Tuesday, Aug 5: 8:30 AM - 10:20 AM
0850
Topic-Contributed Paper Session
Music City Center
Room: CC-205C
Applied
No
Main Sponsor
Section on Risk Analysis
Co Sponsors
IMS
Presentations
In his 1996 paper, Talagrand highlighted that the Law of Large Numbers (LLN)
for independent random variables can be viewed as a geometric property of
multidimensional product spaces. This phenomenon is known as the concentration
of measure. To illustrate this profound connection between geometry and
probability theory, we consider a seemingly intractable geometric problem in
multidimensional Euclidean space and solve it using standard probabilistic
tools such as the LLN and the Central Limit Theorem (CLT).
Speaker
Haim Bar, University of Connecticut
For a 1-factor model in high dimensions, we describe a shrinkage method that improves the sample estimate of the first principal component of the sample covariance matrix by a quantifiable amount. We prove asymptotic theorems when the dimension p tends to infinity while the number of samples n stays bounded. The improved estimator is shown to significantly improve the estimated minimum variance optimization problem subject to an arbitrary number of linear equality constraints. This is joint work with Lisa Goldberg and Hubeyb Gurdogan.

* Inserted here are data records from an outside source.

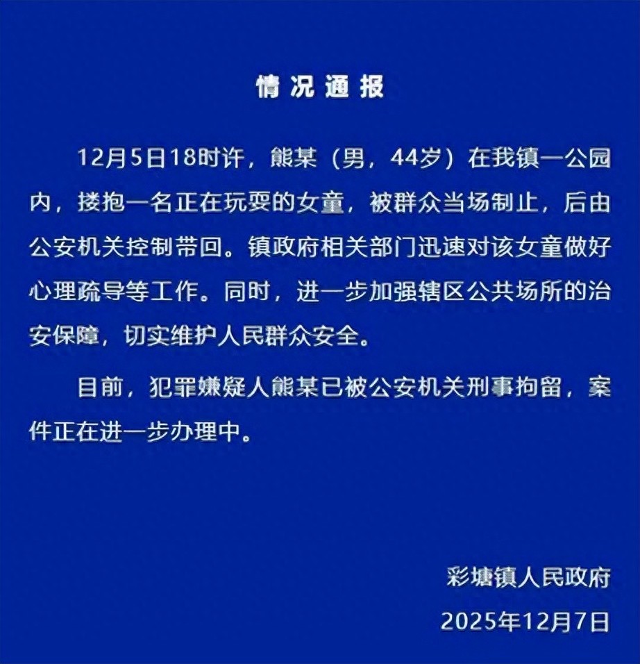 据12月7日广东省潮州市潮安区融媒中心消息:彩塘镇人民政府发布情况通报:12月5日18时许,熊某(男,44岁)在我镇一公园内,搂抱一名正在玩耍的女童,被群众当场制止,后由公安机关控制带回。镇政府相关部门迅速对该女童做好心理疏导等工作。同时,进一步加强辖区公共场所的治安保障,切实维护人民群众安全。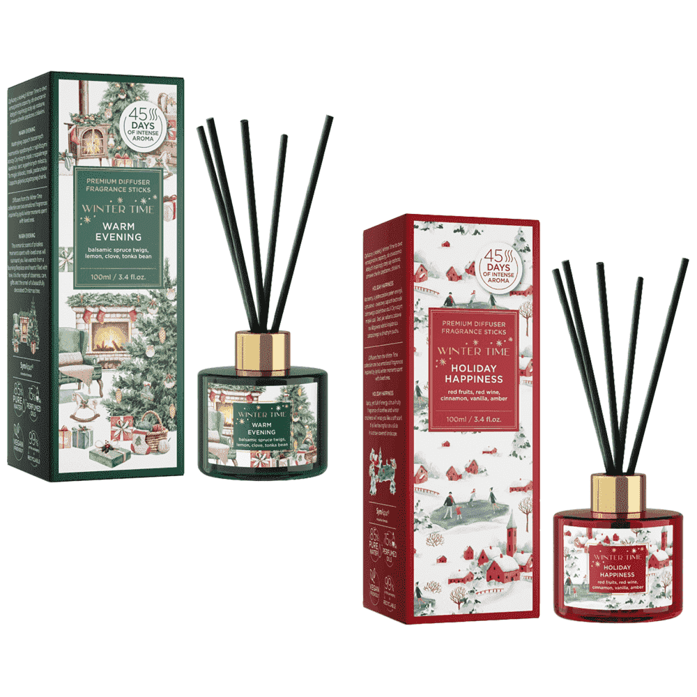 Τα αρωαμτικά στικς diffusers Winter Time είναι δύο Χριστουγεννιάτικα αρώματα εμπνευσμένα από χαρούμενες χειμωνιάτικες στιγμές που περνάμε με αγαπημένα μας πρόσωπα.Αρώματα με νότες από πορτοκάλι, ευκάλυπτο πεύκο,γαρίφαλο , κανέλα, βανίλια, τόνκα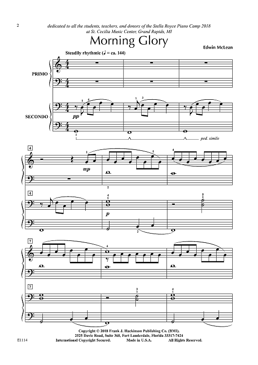 Aptly named after the morning glory flower, this duet starts out quietly and then, as the texture thickens, it unfolds to greet the morning sun. In the key of C major, there are hand shifts but even small hands can quickly learn the easy-to-play patterns.
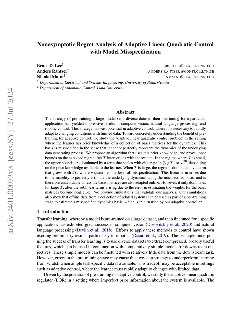 The strategy of pre-training a large model on a diverse dataset, then fine-tuning for a particular application has yielded impressive results in computer vision, natural language processing, and robotic control. This strategy has vast potential in adaptive control, where it is necessary to rapidly adapt to changing conditions with limited data. Toward concretely understanding the benefit of pre-training for adaptive control, we study the adaptive linear quadratic control problem in the setting where the learner has prior knowledge of a collection of basis matrices for the dynamics. This basis is misspecified in the sense that it cannot perfectly represent the dynamics of the underlying data generating process. We propose an algorithm that uses this prior knowledge, and prove upper bounds on the expected regret after interactions with the system. In the regime where is small, the upper bounds are dominated by a term that scales with either or , depending on the prior knowledge available to the learner. When is large, the regret is dominated by a term that grows with , where quantifies the level of misspecification. This linear term arises due to the inability to perfectly estimate the underlying dynamics using the misspecified basis, and is therefore unavoidable unless the basis matrices are also adapted online. However, it only dominates for large , after the sublinear terms arising due to the error in estimating the weights for the basis matrices become negligible. We provide simulations that validate our analysis. Our simulations also show that offline data from a collection of related systems can be used as part of a pre-training stage to estimate a misspecified dynamics basis, which is in turn used by our adaptive controller.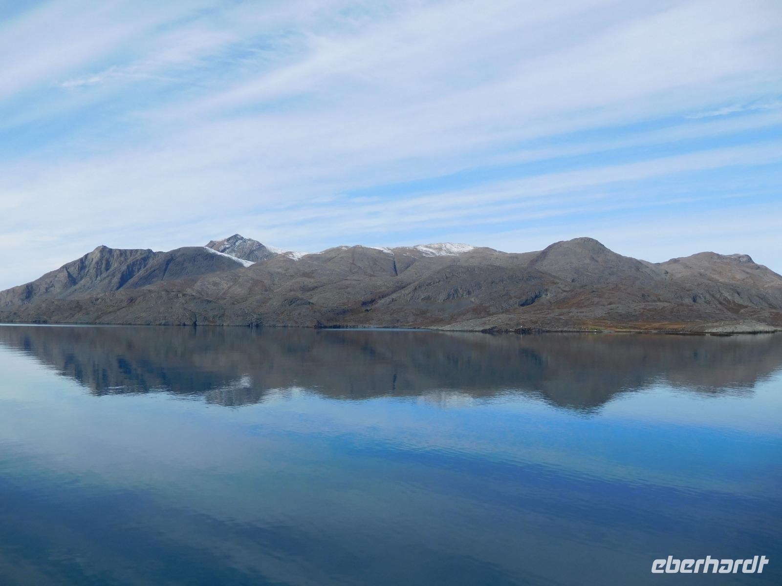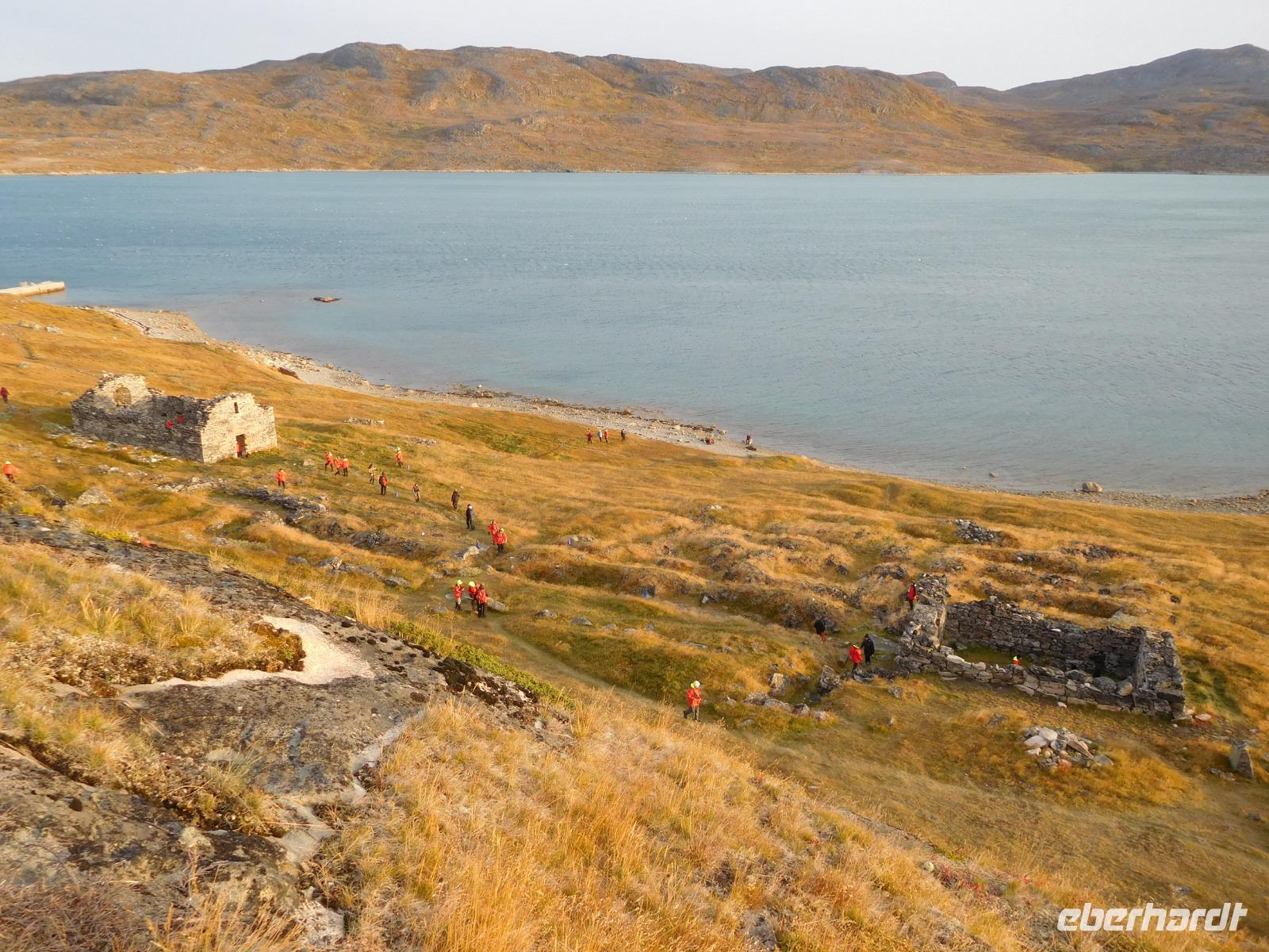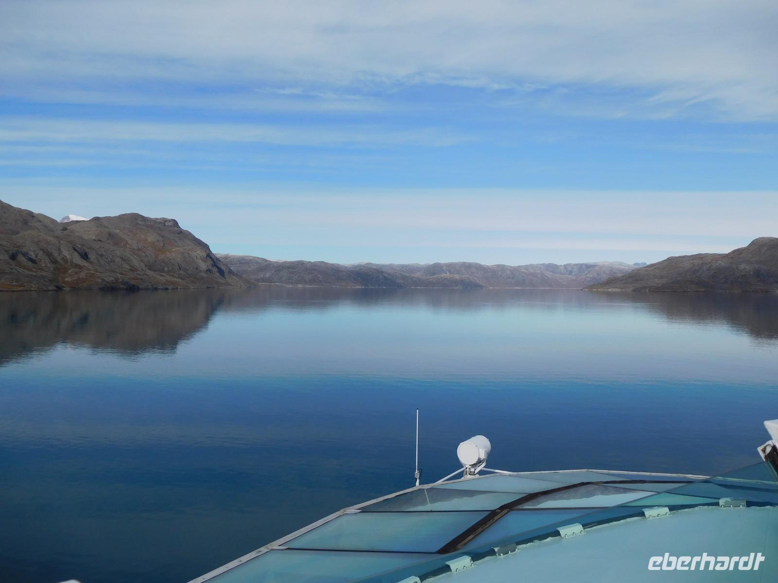 Heute bewegen wir uns entlang der Westküste weiter in Richtung Süden. Wie jeden Morgen werden wir zuerst über Schiffsposition, Wettervorhersage und das angetsrebte Programm informiert. Danach bleibt Zeit für interessante Vorträge. Sabine klärt uns über die moderne Geschichte Grönlands auf und die Schiffs-Ornithologin Holly erklärt uns, worauf man bei der Beobachtung von Seevögeln achten muss. Wir fahren heute ganz gemächlich in den Arsuk-Fjord ein und da wir trockenes sonniges Wetter haben, wird die Befahrung des Fjords zu einem wirklichen Erlebnis. Immer wieder ragen Felsketten aus dem Wasser mit fast alpinen Zügen. Hinter jeder Biegung bietet sich ein neuerliches Naturspektakel und vor allem die Spiegelungen entzücken die Fotografen regelrecht. Während des Mittagessens erreichen wir dann Ivittuut und nach unserer Stärkung beginnen wir die Anlandung. Es heißt also rein in die geliehenen Gummistiefel und wetterfeste Kleidung und dann wird in vorgegebenen Gruppen ganz entspannt und sortiert in den Polarcirkel-Booten nach Ivittuut getendert. Die heutige Geisterstadt war früher ein wichtiges Wirtschaftszentrum für Grönland. Hier wurden Anfang des 19. Jahrhunderts Kryolith-Vorkommen entdeckt und sobald man die technischen Möglichkeiten hatte, wurde der wertvolle Stoff abgebaut. 1987 war die Mine endgültig erschöpft und wurde geschlossen. Seit dieser Zeit verfällt der ehemalgie Hauptort der Region. Heutzutage kann man den Ort und seine Gebäude besichtigen, auch wenn man die Gebäude nicht mehr betreten darf. Der ehemalige Kryolith-Bruch ist heute als 80 Meter tiefe, Wasser gefüllte Grube zu sehen. Beim Spaziergang zwischen den Häusern und dem Blick hinein, fühlt man sich 40 Jahre zurückversetzt und kann sich gut vorstellen wie das Leden dort lief. Nben der Siedlung ist Ivittuut auch dafür bekannt, dass sich Moschusochsen aus dem nahen Grönnedal in der Nähe herumtreiben. Auch wir haben mehr oder weniger Glück. Nachdem unser Expeditions-Team die Umgebung erkundet hat und die Außengrenzen mit Gewehren bewaffnet absichert, könnne wir uns ohne Gefahr bewegen. Die äußerst wuchtigen Tiere können auch für den Menschen gefährlich werden und so ist es gut, dass wir ein paar Exemplare vom Schiff aus gesehen und auch an Land mit dem Feldstecher bewaffnet, 2 Tiere beobachten können, die gemütlich liegend auf einer Wiese grasen. Nach ca. 3 Stunden Aufenthalt haben dann auch die letzten Gäste das Schiff wieder erreicht und wir können auslaufen. Das Abendbuffet hat heute "Einen Touch von Asia". Nech dem Essen stimmt uns Sabine auf den nächsten Tag ein und anschließend gibt es eine Präsentation des Küchen- und Service-Teams in der Panorama-Lounge. Neben dem Schnitzen einer Eisskulptur und der fachmännischen Vorführung zur Frucht- und Gemüsegestaltung können wir ebenso beim Entstehen einer Torte zuschauen und wie aus Textilservietten zauberhafte Kunstwerke entstehen. Da es heute wegen Wolkendecke keine Nordlichter gibt, entschließen wir uns alle, heute früher als sonst zu Bett zu gehen.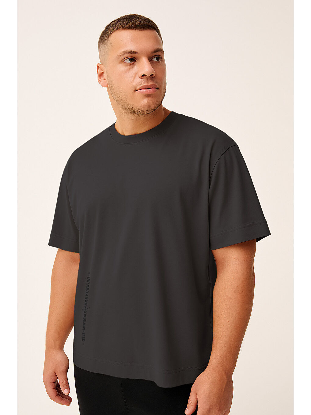 تیشرت مردانه سایز بزرگ طرحدار یقه گرد با چاپ آنتراسیت – 88472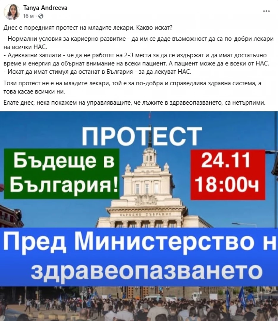 Призив за подкрепа на нейните колеги отправи д-р Таня Андреева, бивш народен представител от „Да, България“, педиатър и ревматолог и един от основните обществени активисти, работещи за каузата за прозрачно и ефективно изграждане на Национална детска болница.

We describe a version of Stein's paradox for eigenvectors of a sample covariance matrix. It shows, much like Charles Stein did for the sample mean in the 1950s, that in high dimensions, provably better estimators exist. We develop a Stein type estimator for a spiked covariance model that shrinks the spiked eigenvectors to an arbitrary low dimensional subspace. We prove that this estimator has a strictly better mean-squared error in the high dimensional limit, leading to a more accurate low dimensional representation of the data. That this result holds even for a randomly chosen subspace highlights a new paradox in probability and statistics, one that is a consequence of the geometry of high dimensional spaces.
Co-Author
Haim Bar, University of Connecticut
Speaker
Alex Shkolnik, University of California, Santa Barbara
Large covariance estimation plays a central role in high dimensional statistics. We suppose the pairwise correlations among variables are due to a small number of latent factors, which yields a spiked covariance structure where a few large eigenvalues separate from a bulk spectrum. The associated eigenvectors form a population quantity of interest, denoted B, while their empirical counterparts, H, are typically estimated via the leading eigenvectors of the sample covariance matrix. The matrix B^T H (the transpose of B multiplied by H), which captures the alignment between sample and population eigenvectors. This matrix provides a fine grained measure of estimation accuracy. We establish an impossibility theorem showing that for finite sample size, in general, no consistent estimator of B^T H exists as the dimension grows to infinity. This finding has important implications for principal component analysis for high dimensional data with a small sample size, an increasingly relevant setting in data science.